Problem requirements
The lines from the one with "3: Retiramos del" through the last line of the material below, copied exactly and free of pictures, make up the whole answer.

Data in this exercise
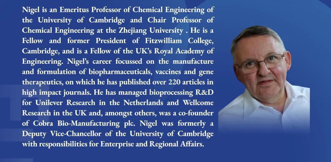 此次全职加盟的斯莱特教授,堪称生物制药与化学工程领域的国际领军者,其学术与职业履历兼具深度与广度。他与剑桥大学的羁绊始于1972年,在悉尼·苏塞克斯学院先后拿下自然科学学士、博士学位,1978年入职菲茨威廉学院任化学研究员,次年便跻身化学工程助理讲师行列,开启学术执教之路。1985年,他暂别高校,投身产业一线历练:先于荷兰联合利华研究实验室主导生物加工部门工作,后于1990年加入威康生物技术公司,牵头美国罗德岛干扰素制造工厂工艺设计,还推动了Campath-1H抗体的工艺开发,实现学术理论与产业实践的深度融合。
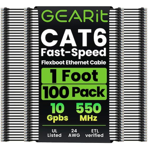 Prepare sua rede para o futuro para Ethernet de 10 Gigabit com cabos de conexão de rede GearIt Cat 6. Com os cabos GearIt Cat6, sua rede estará pronta para o futuro e continuará funcionando quando você chegar lá. Cabos verificados pelo padrão industrial ANSI/TIA-568-C.2, Cat 6 e ETL com conectores RJ45 (8P8C) sem enroscamentos de alta conformidade e botas de alívio de tensão moldadas. A classificação de largura de banda de até 550 Mhz garante compatibilidade com Ethernet 10BASE-T, 100BASE-TX (Fast Ethernet), 1000BASE-T (Gigabit Ethernet), 10GBASE-T (Ethernet de 10 Gigabit), Peer-to-Peer e quaisquer outros aplicativos que utilizem cabos de rede, incluindo telefonia, automação residencial e tecnologias de transferência de vídeo de longa distância, como HMDI sobre Ethernet. Use para conectar qualquer dispositivo em rede com conexão RJ45, incluindo PCs, laptops, servidores, impressoras, dispositivos de armazenamento NAS, VOIP, alimentação
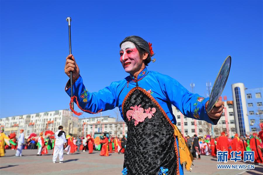 2月17日,民间艺人在河北省唐山市滦南县文化体育活动中心广场表演秧歌。 元宵节将至,各地举办多彩的民俗活动,欢欢喜喜迎佳节。 新华社发(张永新 摄)
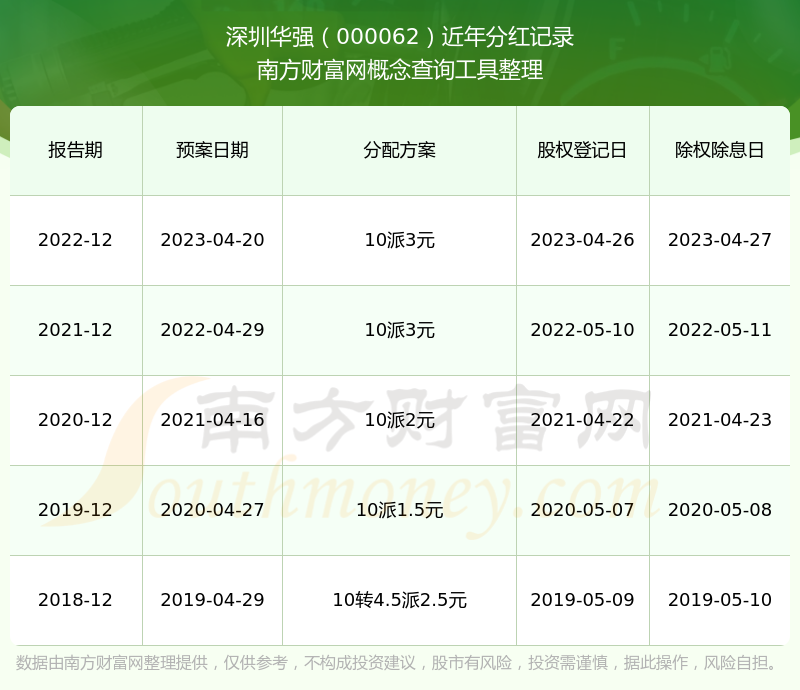 深圳華強(qiáng)最新一次公布的分紅方案:10派3元。
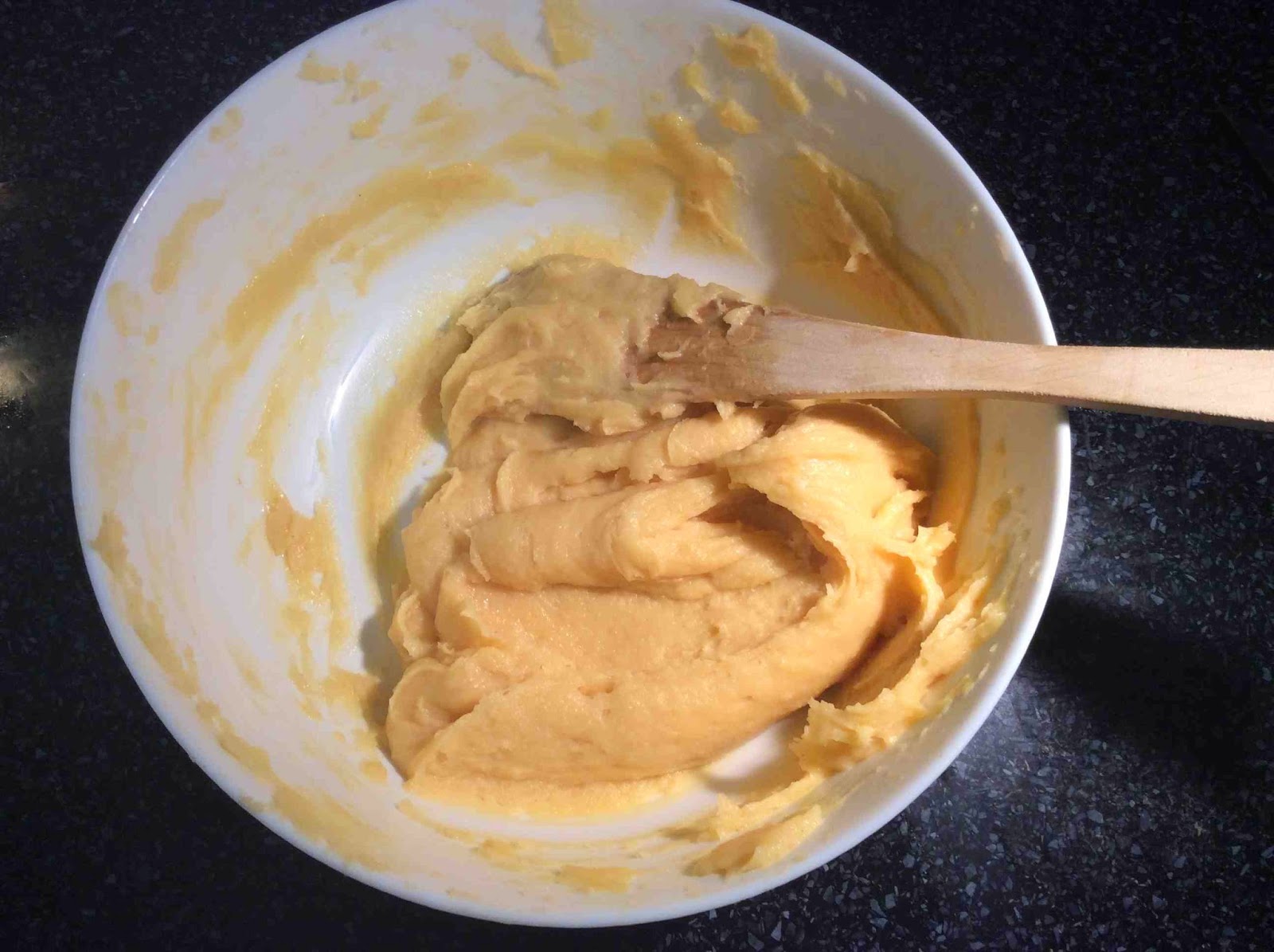 3: Retiramos del fuego i ponemos la mezcla en un bol para que se enfríe más rápido. Cuando esté fría añadimos los huevos uno a uno mientras removemos con la lengua. Incorporamos el siguiente huevo cuando el anterior esté totalmente integrado en la masa.
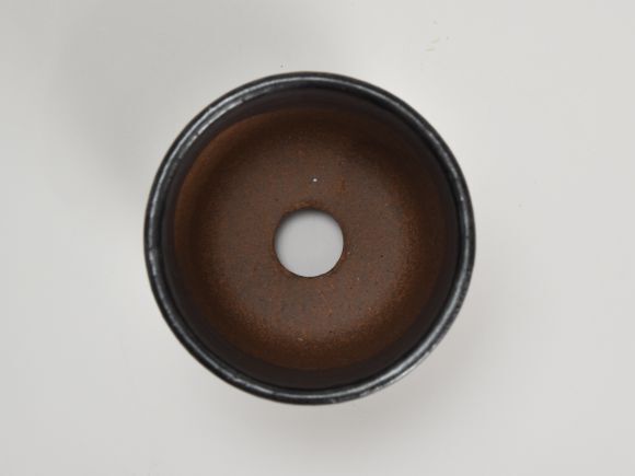釉薬のかかっている場所とかかっていない場所のコントラストがかっこいい 黒マットミニ鉢 3号
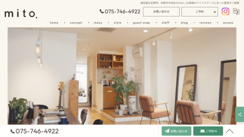 京都市中京区御所南のmito.では、美容室での仕上がりだけでなく、ご自宅での再現性まで大切にしています。毎日のリズムや朝の身支度にかけられる時間、よく着る服の色や質感といった日常のささやかなこだわりを少しだけ教えていただけると、より似合うスタイルづくりのヒントになります。なんとなくのイメージや言葉にしにくいご希望でも大歓迎ですので、気楽にお話しください。「手をかけなくても自然とかわいい」「忙しい日も心地よく過ごせる」そんな日常に寄り添うデザインをご提案しています。

Written response
 3: Retiramos del fuego i ponemos la mezcla en un bol para que se enfríe más rápido. Cuando esté fría añadimos los huevos uno a uno mientras removemos con la lengua. Incorporamos el siguiente huevo cuando el anterior esté totalmente integrado en la masa.
釉薬のかかっている場所とかかっていない場所のコントラストがかっこいい 黒マットミニ鉢 3号
 京都市中京区御所南のmito.では、美容室での仕上がりだけでなく、ご自宅での再現性まで大切にしています。毎日のリズムや朝の身支度にかけられる時間、よく着る服の色や質感といった日常のささやかなこだわりを少しだけ教えていただけると、より似合うスタイルづくりのヒントになります。なんとなくのイメージや言葉にしにくいご希望でも大歓迎ですので、気楽にお話しください。「手をかけなくても自然とかわいい」「忙しい日も心地よく過ごせる」そんな日常に寄り添うデザインをご提案しています。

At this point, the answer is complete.